Posts Tagged ‘conversation’

Raising a Boy: “Help! My Little Boy is Now a Teen!”

Posted in Adminstration, Adolescent., Communication, Dad Role, Teenager, Teens on September 20th, 2010 by AnonymousDad – 3 Comments

Raising a Boy Family DiscussionOver on Facebook, a friend posted a slightly-but-not-really tongue-in-cheek mini rant about raising a boy who is about to become a teenager. In essence, the father says he (dad) is not ready. Of course, he received lots of virtual hugs from his friends and a few bizarre notes about how he’ll need to start using herbs to control his son’s hormones. Others less radical folks suggested keeping baby pictures around to remember when the boy couldn’t talk. Raising boys requires attention but not fear. I answered him with the list that follows.

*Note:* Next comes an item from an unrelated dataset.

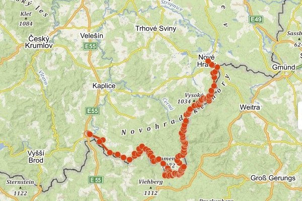 Ráno je azuro a pěkný samec. Budíme se na budíka, cílíme totiž na odjezd vlaku z Nových Hradů, a tak to musí odsýpat. Podjíždíme Janský vrch, napojujeme se na Lužnici, která tu nedaleko v Rakousku pramení a přivádí nás na kouzelné místo bývalé Stříbrné Huti. Odtud začíná pravý koncert Jirky a jeho mobilu, při určování správného směru na každém rozcestí lesních cest. Postupujeme stále nahoru dolu podél hranice, míjíme Žofínský prales a pokračujeme k Vysoké, kterou chceme mírně obejít. Obcházení nás tak zaujme, že ji obejdeme až do Hojné Vody a tím neplánovaně opustíme plánovaný směr. Navíc na vyvěšené mapě zjišťujeme, že koleje do Nových Hradů opravdu nevedou. Tyto skutečnosti znamenají toto: dál půjdeme jinudy; k vlaku to nemáme posledních kilometrů deset ale patnáct; nejspíš to nestihneme.

These are some truths about teenage boys:

They take work.

They’re not monsters to be caged. They remain in desperate need of the love of a parent.

They really don’t know why they do some things- it’s brain biology. He reacts as nature made him.

Choose your battles. Reward with attention and genuine interest frequently,


Ask questions and be silent long enough to get an answer (24 hours is not too long.)

You can do this, parent. Keep breathing. Raising a baby boy as an infant is more demanding than a teen boy.

Don’t remember the baby in replacement of enjoying the emerging man.

Don’t try to drug or herbal him into submissiveness without a strong medical need. Boys are boys and that’s okay. Seven to ten massive testosterone surges/injections a day would make you a bit unpredictable, too.

Speak slower. Listen faster.

Decide in tandem with him instead of at him.

Save the crisis mode for a real crisis happening. Every time you want to yell, speak even more quietly.

I think this is a the beginning of many more lists on raising a boy. What would you add to this list? Use the comments and tell us.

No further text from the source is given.